« Après l'insurrection du 17
juin, le secrétaire de l'Union des écrivains fit distribuer des tracts dans la
Stalinallée. Le peuple, y lisait-on, a par sa faute, perdu la confiance du
gouvernement, et ce n'est qu'en redoublant d'efforts, qu'il peut la regagner.

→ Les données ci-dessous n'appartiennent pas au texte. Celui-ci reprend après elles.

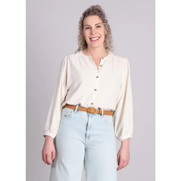 De PORTRAIT blouse van Grace & Mila is de perfecte combinatie van casual chic en vrouwelijke elegantie. Gemaakt van een luchtige linnenmix, biedt deze beige blouse ultiem draagcomfort en een verfijnde uitstraling. De mandarijnkraag en subtiele plooien aan de voorkant zorgen voor een stijlvolle en verfijnde touch. Dankzij de lange mouwen met knoopsluiting en de licht getailleerde pasvorm, is deze linnen blouse ideaal voor zowel casual als formele gelegenheden. Een veelzijdige must-have die moeiteloos in elke garderobe past. Product details: Casual fit Lange mouwen met knoopmanchetten Mandarijnkraag Knoopsluiting aan de voorkant Afgeronde zoom Subtiele plooien bij de schouders Materiaal: 93% viscose, 7% linnen Valt iets ruimer, twijfel je tussen 2 maten? Bestel dan de kleinste maat. Het model is 1,75 m lang, heeft een tailleomtrek van 58 cm en heupomtrek van 86 cm, en draagt maat S. Wij raden een handwas of wasbeurt op lage temperatuur aan voor een langdurige kwaliteit
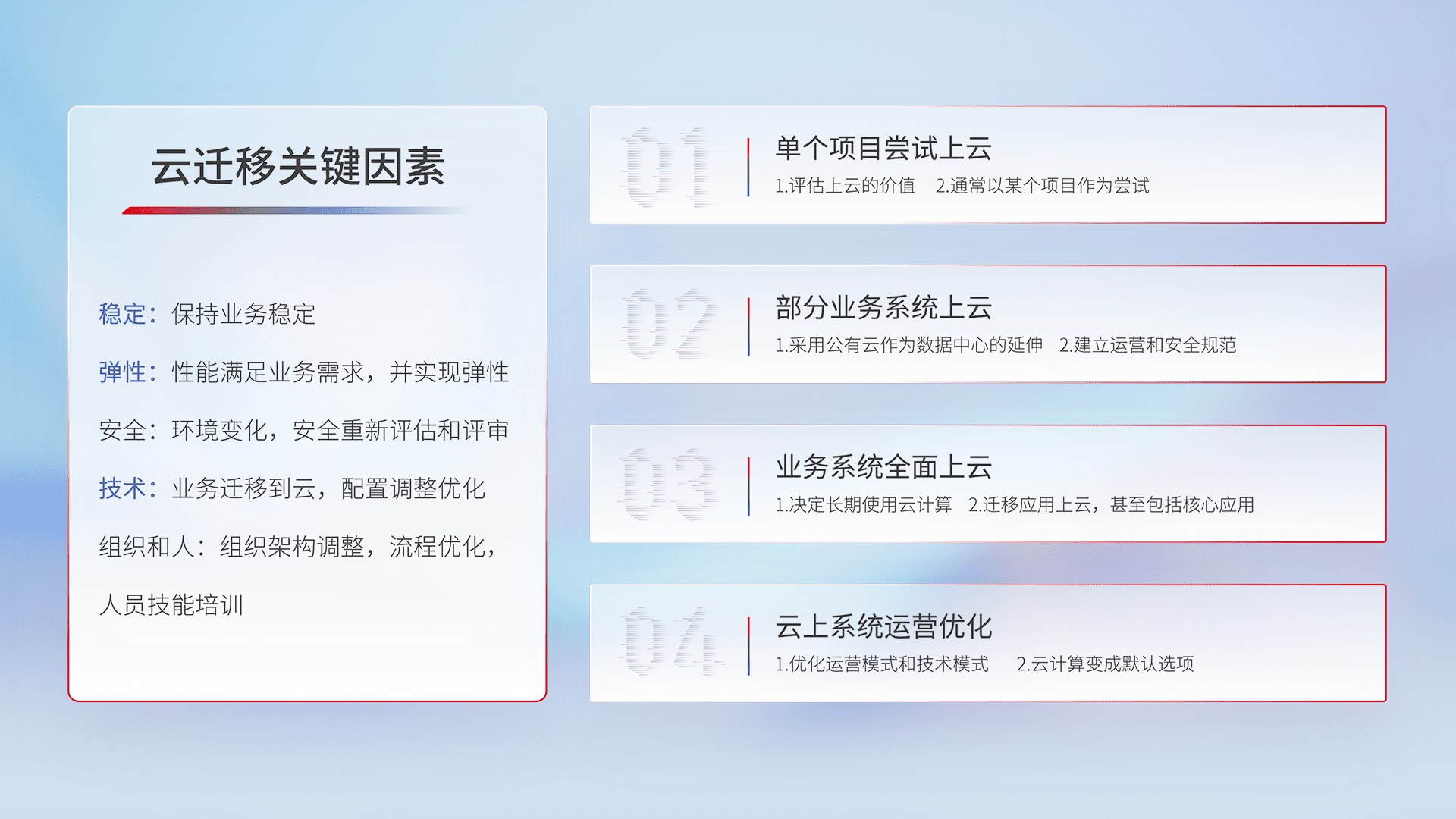 结合实际业务,,从规划设计、、、云平台选型、、云原生改造、、数据迁移、、、、集成交付,,迁移全过程为客户识别最佳上云路径,,,做好风险识别管理,,,设计网络架构、、身份权限、、、、安全审计合规、、、、操作审计、、、、日志审计、、、监控告警策略、、、多站点容灾设计等,,对云上基础设施进行整体规划,,,,提升IT治理水平,,,,以满足弹性、、、高可用、、、、高性能的需求。。。。

Ne serait-il pas plus simple alors pour le gouvernement de dissoudre le peuple
et d'en élire un autre ? »
66 ans et plus de 3500 kilomètres
séparent ce poème sarcastique - « Die Lösung » (La Solution), écrit
par le dramaturge et poète allemand, Bertolt Brecht, du communiqué du bureau de
presse du palais présidentiel au Liban, en date du 30/09/2019. Dans ce poème, Brecht
critique le régime de la RDA - où il résidait -, à la suite de l'insurrection du
17 Juin 1953 qui éclata à Berlin- Est, et qui constitue le premier soulèvement
populaire contre un régime communiste dans le bloc de l’Est. Quelques 4000 kilomètres
et plus de six décennies, et pourtant, « le sexennat fort », comme
son nom l’indique, a pu réussir le miracle de fusionner les espaces et de
remonter le temps. Un énième succès à ajouter, sans doute, - comme on nous le
martèle sans cesse - à l’actif bien fourni de son « brillant
bilan ».
En effet, dans le communiqué du
30 Septembre, il est solennellement affirmé que « Ce n’est pas par
accident que la grogne sociale a éclaté, conduisant des centaines de Libanais à
manifester dimanche dans les rues, pour exprimer leur ras-le-bol quant à la
conjoncture socio-économique ; il s’agit d’une campagne orchestrée visant à
mettre en échec le sexennat du général Michel Aoun ». « Hélas ! Ce
peuple ingrat a méprisé ta loi ; La nation chérie a violé sa foi ; Elle a
répudié son époux et son père, Pour rendre à d'autres dieux un honneur adultère »,
aurait pu conclure ses lamentations, en toute finesse et subtilité, le
communiqué ; sans même que l’on se rende compte qu’il citait un passage d’« Esther »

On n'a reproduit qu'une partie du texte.